Если он говорил правду, то больше не было смысла подыгрывать ему. Она поняла, что уходить нужно сейчас. Нужно отбиться от него, застегнуть платье и бежать отсюда. Однако алкоголь уже разлился своим приятным теплом по всему телу, подавляя волю к сопротивлению.

— У вас действительно нет этой руки? — спросила она. — Вы мне не лжете?

— Да зачем мне лгать? Забудь о руке. Забудь о муже. И снимай платье.

Она попыталась, хотя на сей раз не так настойчиво, освободиться от объятий О’Мэлли. Но он завел руки ей за спину и продолжал наступление. Николь молила отпустить ее, однако он только смеялся, продолжая ласкать ее тело. Кровь прилила к его лицу, дыхание участилось. Он был так близко к ней, что она могла разглядеть, как пульсирует вена у него на лбу.

— Забудь об этой чертовой руке, повторил он. — Забудь о своем муже, о Зимане, о Франклине и обо всех остальных. Не думай ни о чем.

Он наклонил голову к ее груди, целуя сначала один сосок, затем другой — так мягко, что она выгнула шею и задрожала от прикосновений его языка. Нет, она собиралась все сделать совсем не так. Она думала, что с О’Мэлли будет легко справиться, что он окажется просто очередным озабоченным самцом, который легко согласится выполнить ее просьбу. Но пока своего добивался О’Мэлли. Предложил ей виски, чтобы она утратила бдительность, изобразил сочувствие и понимание, сыграл на ее одиночестве и страхах, а теперь, полупьяная, она не имела ни сил, ни желания отбиваться от него.
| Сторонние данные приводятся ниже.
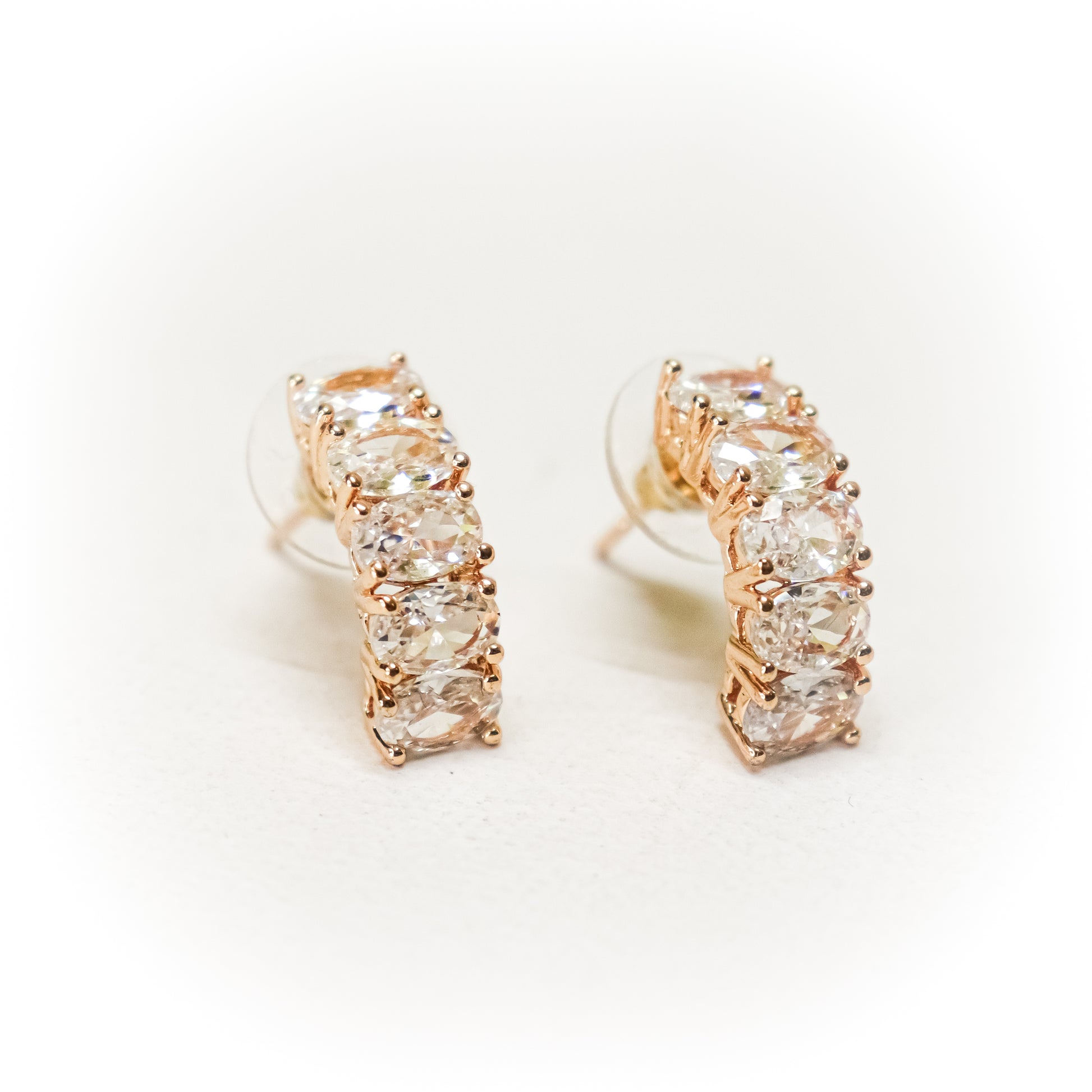 Elegant daily wear comfortable minimal stud zircon rhinestone earrings for woman. Easy to wear before you head out for office or a meeting. These Stud top earrings made out of a strong alloy metal studded with american diamond AD rose gold stones is sure to make a flash from far away and uplift your everyday look.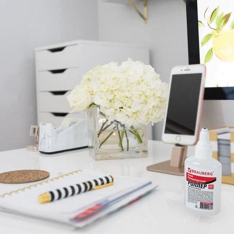 Канцелярский клей-роллер BRAUBERG без труда склеивает бумагу, картон, ткань. Незаменим в доме, школе и офисе.Объем - 65 мл. Подпружиненный шарик аппликатора не позволит самостоятельно пролиться клею даже из перевернутого флакона. Обеспечивает экономичное использование клея до последней капли. Клей не токсичен, легко удаляется с одежды и поверхностей. Морозоустойчивый. Клей нетоксичен и безопасен в использовании.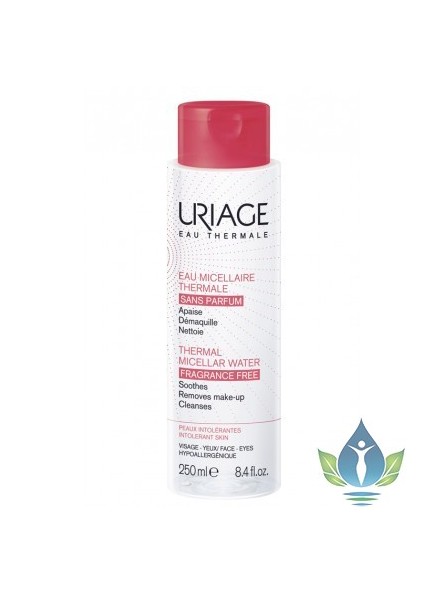 URIAGE Eau Micellaire Thermale Peaux Intolérantes. L'eau micellaire thermale pour peaux intolérantes est parfaitement adaptée au démaquillage. Enrichie en tensioactifs non ioniques doux, constitutifs des micelles, elle agit comme un aimant capturant efficacement le maquillage et les impuretés. Sans parfum, elle est spécialement formulée pour les peaux les plus intolérantes. La glycérine apaise et hydrate, l'Eau Thermale d'Uriage hydrate.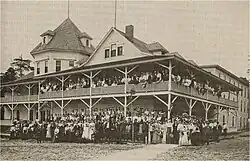 Although Michigan's football training camp had previously been held at Whitmore Lake, Yost moved the team's pre-season camp to the Epworth Hotel in Epworth Heights, a summer resort located three miles from Ludington, Michigan. Yost hoped that the northern location would allow the team to practice away from the September heat. Training camp opened on September 14, 1903, and was attended by 25 players, Yost, and trainer Keene Fitzpatrick.[8][9] While in Ludington, the Michigan players played a baseball game against the local team and attended a dance at the Stearns Hotel in downtown Ludington. The locals were surprised when the guests of honor left the dance at 10:05 pm, under orders from Keene Fitzpatrick.[10] The squad returned to Ann Arbor on September 26 and joined a separate body of recruits training under the direction of assistant coach Dan McGugin.[8]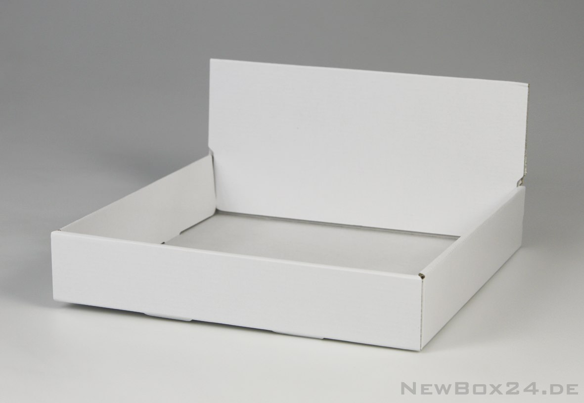 Display 651 in Größe 02 - 260 x 260 x 50 mm (Innenmaße), Wellkarton glatt in Standardfarbe weiß (Farben gegen Aufpreis möglich), Lieferung ungefaltet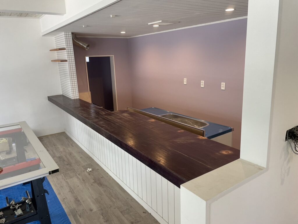 経年劣化した木のカウンターへダイノックシートでラッピング。

Она понимала, что поступает неправильно. До ужаса неправильно. Ей казалось, что с той жизнью покончено. Господи, что бы подумал Пол, увидев ее сейчас: в расстегнутом платье, в объятьях мужчины, которого она видела второй раз? После месяца замужества, месяца верности любимому мужу… Николь сгорала от стыда, чувствуя, как ее тело реагирует на ласки коронера…

— Ты не первая вдова, которая ко мне пришла, — сказал О'Мэлли. — Я умею заставить забыть.

— Если бы, — проговорила она.

Если бы только можно было забыть.

Забыть о руке.

Забыть о Василии.

Забыть о епископе, об отчиме и обо всех, кто был между ними.

Забыть о смерти тех троих мужчин.

Даже, пусть и на несколько секунд, забыть о Поле.

Она чувствовала усталость, слабость и моральное истощение.

Больше всего ей хотелось выкинуть все это из головы. Утопить свои воспоминания в потоке мужской страсти. Найти несколько священных моментов забытья в чьих-нибудь объятьях. Интересно, так поступают вдовы? Ищут утешения у других мужчин, любящих слабых женщин? Если так, то оно действовало — по крайней мере, сейчас. Николь помнила, как неприятны были его настойчивые вопросы после смерти Пола, а теперь она с таким наслаждением принимала ласки О’Мэлли. Она прижалась к нему, отвечая на поцелуи с нарастающей страстью.

Она высвободила одну руку и обняла его еще крепче, — этого мужчину со стальной скобой на парализованной ноге — надеясь, что он сможет помочь ей забыть все, пусть и не надолго.

Она знала, что поступает правильно.

Что сказал ей епископ этой ночью?

Без греха нет искупления.

Без искупления нет спасения.

Возможно, поэтому она и пришла сюда. Страсть О'Мэлли все росла.

Николь подумала, что, возможно, это ее шаг на дороге к спасению.

Загрузка...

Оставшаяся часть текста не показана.